Posts Tagged ‘Thomas Shirley’

This is a very welcome and very rare revival of a J B Priestly play much along the line of An Inspector Calls. Goodness knows what they thought of it in 1943 – despite the wartime setting and a somewhat dated preachiness, it’s still challenging 68 years on.

Nine characters emerge from different places outside the walls of a city. Priestly’s concern with class means there are three from the upper class – a knight, a lady and her daughter,  three from the middle class – a man from The City, a bank manager and his wife and three from the working class – a seaman, a waitress and a char lady. We don’t know how they got there or why,  but we eventually discover – when the gates open – the city is some sort of egalitarian utopia which attracts some and repels others. Five return from whence they came (one reluctantly), two stay on and two miss the deadline whilst their love for one another is played out.

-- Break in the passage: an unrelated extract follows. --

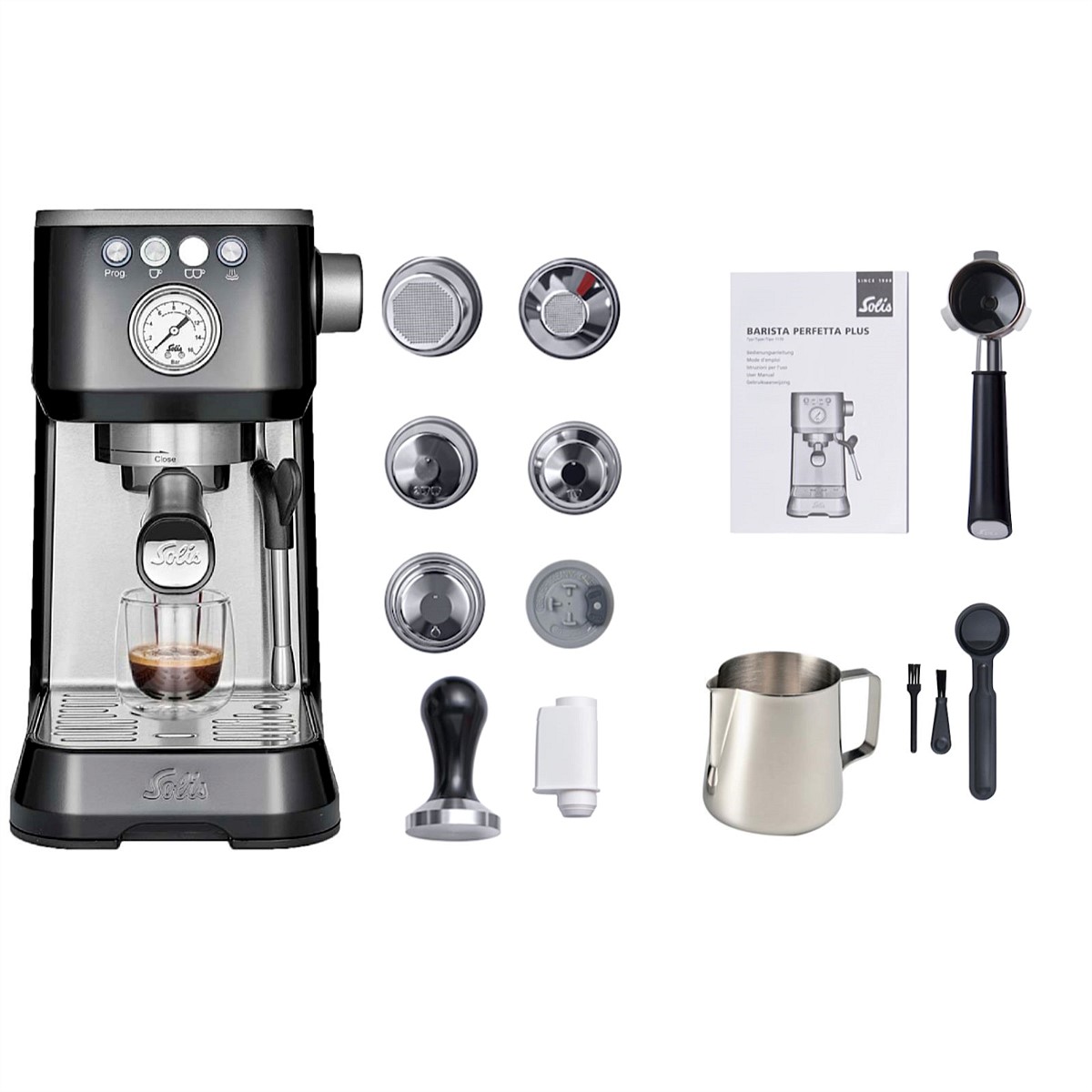 In addition to espresso, the Solis Barista Perfetta Plus can also serve hot water and is equipped with a professional 360-degree rotatable steam wand to serve a perfect cappuccino or latte macchiato. A stainless-steel milk jug accompanies the machine in the box, so that you can get started right away. The Solis Barista Perfetta Plus comes with both, single-wall and double-wall filter inserts of 54 mm, allowing you to prepare one or two cups and use freshly ground as well as pre-ground coffee. Don't worry about the dose amount of ground coffee in the filter: a measuring spoon and a tamper are included. Do you prefer to use pads? A filter for E.S.E. pads is included in this appliance's accessories.

I’m not entirely clear what point he’s making – maybe prophesying a post war ‘third way’? – but in any event, it’s an intriguing and interesting ride. The Southwark Playhouse’s Vaults (under London Bridge station) is a perfect space in which to create the mysterious atmosphere. There’s no set as such – just a couple of walls and a doorway – but the costumes are enough to place the play in its period. The production does misfire occasionally, notably with music that often jars – particularly the faux fanfares that accompany each character’s first entrance with a follow spot, but it allows you to evaluate the play unhindered by any directorial concept.

The characterisations from all nine actors are excellent. James Robinson conveyed the idealism and passion of Joe very well and Thomas Shirley brought the money obsessed Cudworth to life. You empathise easily with the frustrated and unfulfilled bank manager as portrayed by Daniel Souter and Jean Perkins’ char lady is an absolutely delicious cameo.

Great to catch a rare Priestly and a gold star to Southwark Playhouse for providing the opportunity.